This saved my bacon during a preflight for a maintenance test flight when the yoke didn’t seem to move normally. The amount of force required to move it seemed slightly abnormal. There was some small but definite binding in the movement. Additionally, I could hear a faint but abnormal “rubbing” noise as I moved the yoke. The maintenance controller uttered a long sigh when I described this over the phone. Troubleshooting required ripping up the flooring to examine the flight control cables. A few days later I received feedback that the cables had become displaced from a pulley and were actually moving in between the pulley and its mounting bracket.
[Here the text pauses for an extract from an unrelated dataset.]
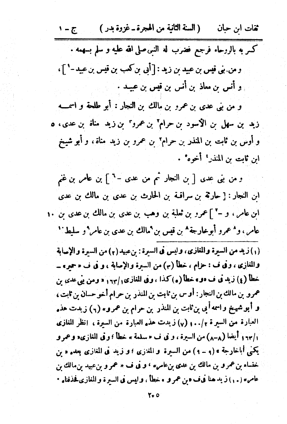 كسر بِهِ بِالرَّوْحَاءِ فَرجع فَضرب لَهُ النَّبِي صَلَّى اللَّهُ عَلَيْهِ وَسَلَّمَ بسهمه وَمن بني قيس بْن عبيد بْن زيد أبي بْن كَعْب بْن قيس بْن عبيد وَأنس بْن معَاذ بْن أنس بْن قيس بْن عبيد وَمن بني عدي بْن عَمْرو بْن مَالك بْن النجار أَبُو طَلْحَة واسْمه زيد بْن سهل بْن الْأسود بْن حرَام بْن عَمْرو بْن زيد مَنَاة بْن عدي وَأَوْس بْن ثَابت بْن الْمُنْذر بْن حرَام بْن عَمْرو بْن زيد مَنَاة وَأَبُو شيخ بْن ثَابت بْن الْمُنْذر أَخُوهُ وَمن بني عدي بْن النجار ثمَّ من عدي بْن عَامر بْن غنم بْن النجار حَارِثَة بْن سارقة بْن الْحَارِث بْن عدي بْن مَالك بْن عدي بْن عَامر وَعَمْرو بْن ثَعْلَبَة بْن وهب بْن عدي بْن مَالك بْن عدي بْن عَامر وَعَمْرو أَبُو خَارِجَة بْن قيس بْن مَالك بْن عدي بْن عَامر وسليط

Not only were the cables becoming frayed, but it was possible that they could have become completely jammed.
When a cable-and-pulley flight control is reinstalled it is necessary to properly tension the control cables. During the 10 years in which I was a non-routine flight operations captain at a fractional operator, I performed many post-maintenance flights checking the flight controls. It wasn’t until liftoff during one of those flights that we discovered the difference in flight control movement when the cables didn’t meet the required tension. The co-captain rotated for takeoff and the aircraft uncharacteristically begun a significant roll to the right. The co-captain was using every bit of his upper body strength to try keeping the aircraft upright. I distinctly remember his strained words, “Paaaaaaat, I caaaan baaaarely hold it.” The two of us had a hard time keeping the wings level and I had just enough mental reserve to quickly tell ATC that we had an emergency with a flight control problem and needed some airspace to work out the problem and formulate a recovery plan. ATC was great. It was a handful, no pun intended, to fly an aircraft that wasn’t handling in a normal manner. We landed, with considerable difficulty but without further incident, and pulled into the company ramp thanking ATC and the fire department for its escort. During the post-flight I re-checked the ailerons to see if I could feel any difference in the amount of force to manually deflect them up and down. I was not able to discern any noticeable difference from “normal.” Nor was it possible during our post-flight investigation to feel a difference when moving the yoke. The difference became noticeable only when there was an aerodynamic load on the flight control.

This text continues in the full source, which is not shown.